§ DATA RECORDS:
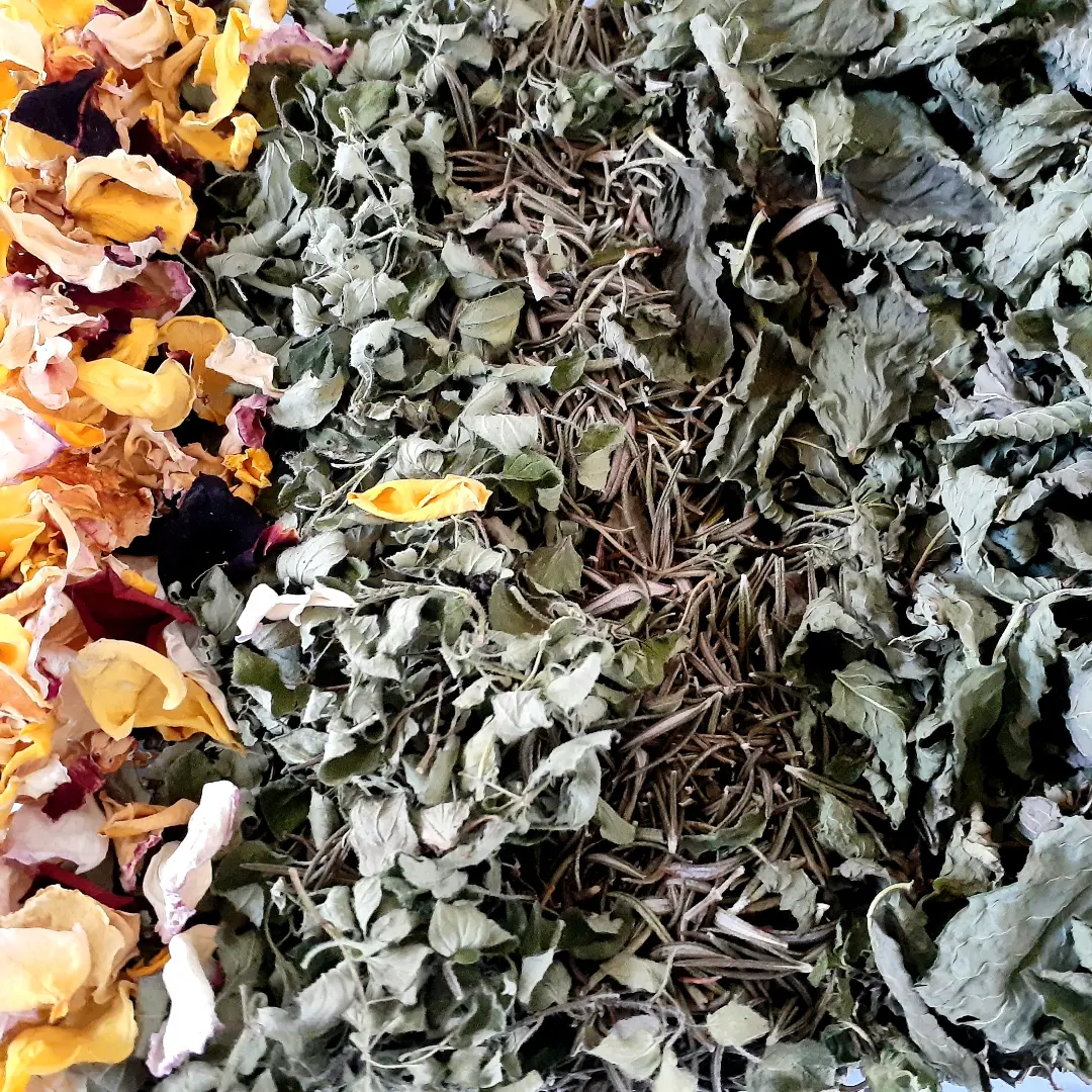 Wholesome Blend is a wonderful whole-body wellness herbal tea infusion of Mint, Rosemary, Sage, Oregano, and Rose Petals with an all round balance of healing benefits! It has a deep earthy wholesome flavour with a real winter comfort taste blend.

* * *

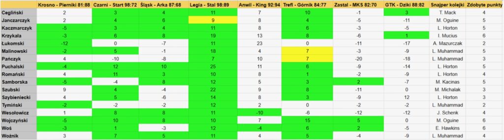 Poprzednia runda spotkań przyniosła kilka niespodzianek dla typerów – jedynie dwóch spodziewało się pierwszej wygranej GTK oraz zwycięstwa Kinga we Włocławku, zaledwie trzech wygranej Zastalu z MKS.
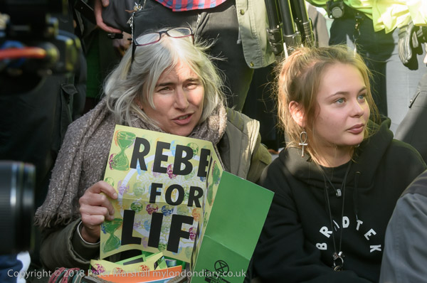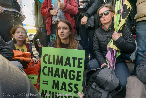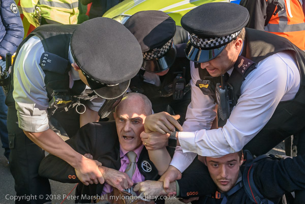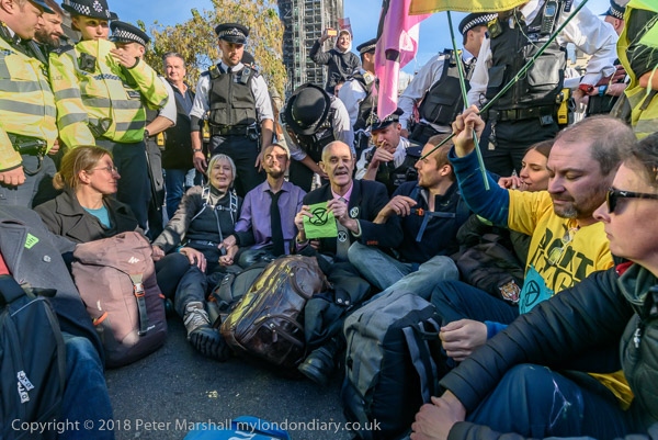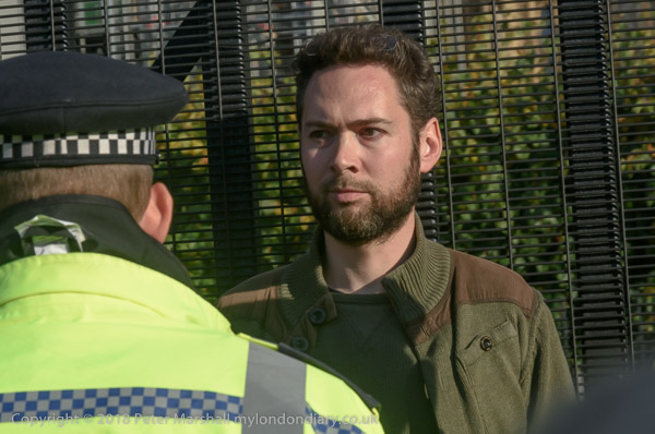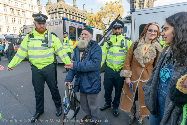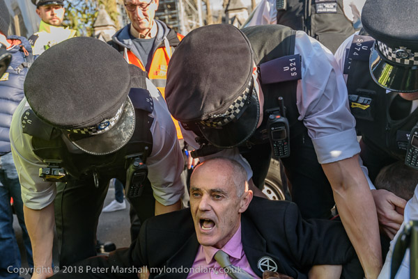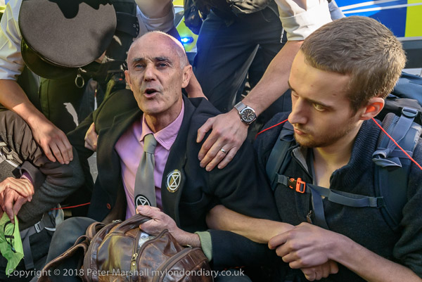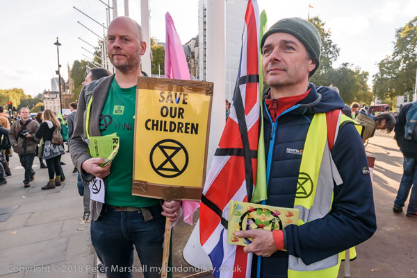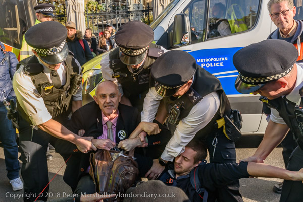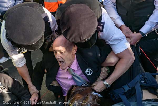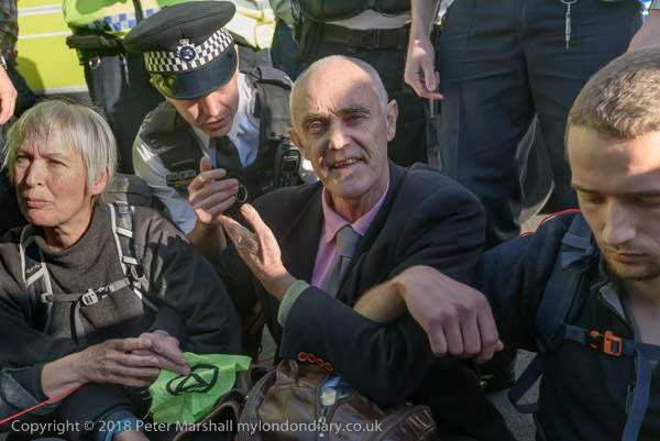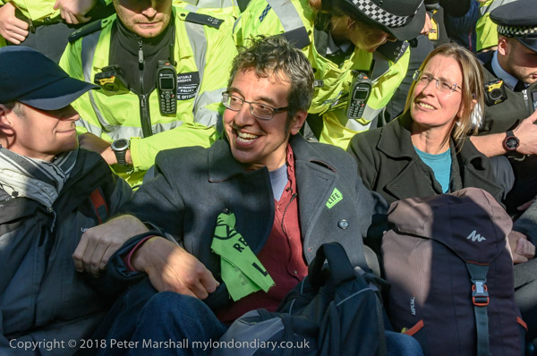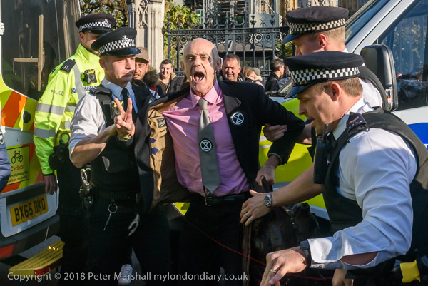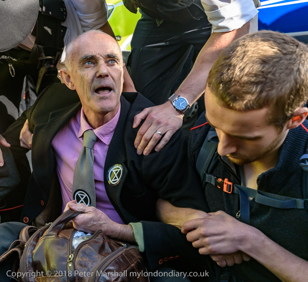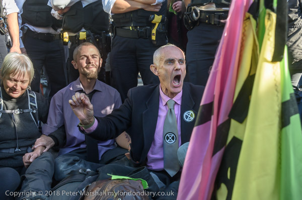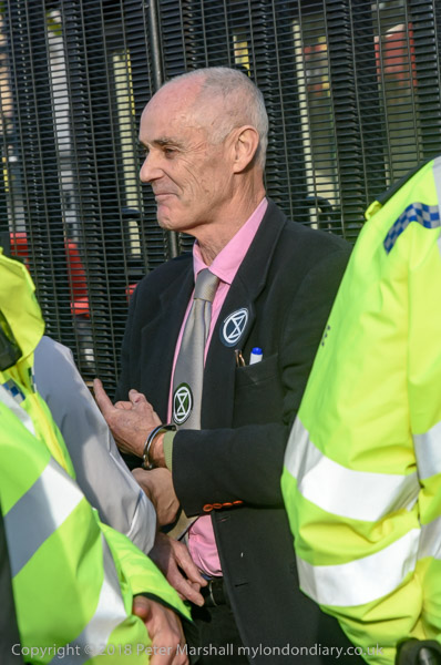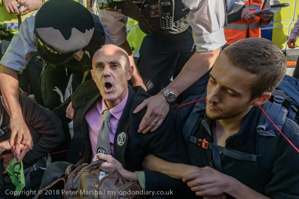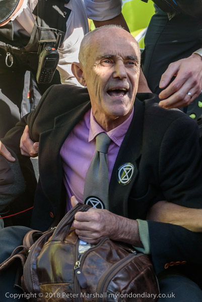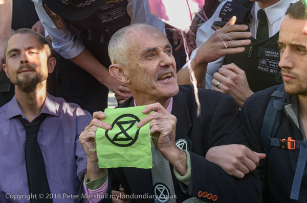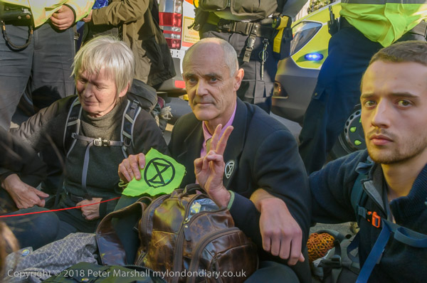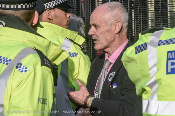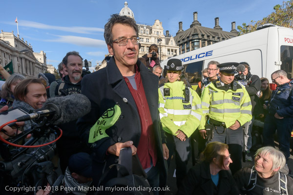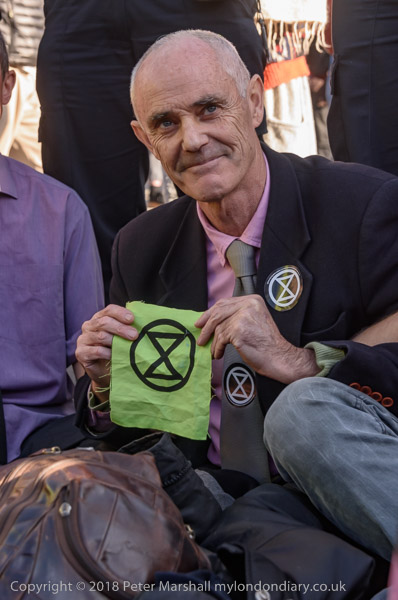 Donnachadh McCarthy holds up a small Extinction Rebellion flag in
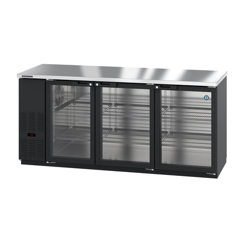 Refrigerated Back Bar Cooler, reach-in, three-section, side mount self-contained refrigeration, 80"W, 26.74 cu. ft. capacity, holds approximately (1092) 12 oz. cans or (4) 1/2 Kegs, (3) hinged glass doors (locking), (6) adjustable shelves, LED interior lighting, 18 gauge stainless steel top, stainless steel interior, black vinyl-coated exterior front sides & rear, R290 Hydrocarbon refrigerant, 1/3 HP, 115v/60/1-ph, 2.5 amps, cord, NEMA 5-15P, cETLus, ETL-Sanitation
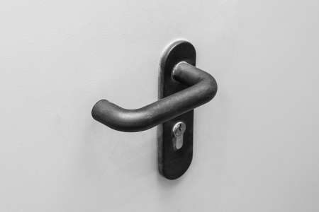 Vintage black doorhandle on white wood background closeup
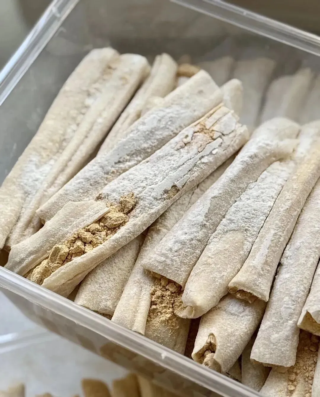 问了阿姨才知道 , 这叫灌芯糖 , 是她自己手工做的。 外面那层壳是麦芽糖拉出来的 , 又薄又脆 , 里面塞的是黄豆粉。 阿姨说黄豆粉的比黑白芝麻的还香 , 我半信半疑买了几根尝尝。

§ TASK TO CARRY OUT: Copy word for word the span of the records above that begins at the line with "Poprzednia runda spotkań" and ends at the line with "Donnachadh McCarthy holds", including those two lines but not the pictures.

§ SOLUTION TO THE PROBLEM:
 Poprzednia runda spotkań przyniosła kilka niespodzianek dla typerów – jedynie dwóch spodziewało się pierwszej wygranej GTK oraz zwycięstwa Kinga we Włocławku, zaledwie trzech wygranej Zastalu z MKS.
 Donnachadh McCarthy holds up a small Extinction Rebellion flag in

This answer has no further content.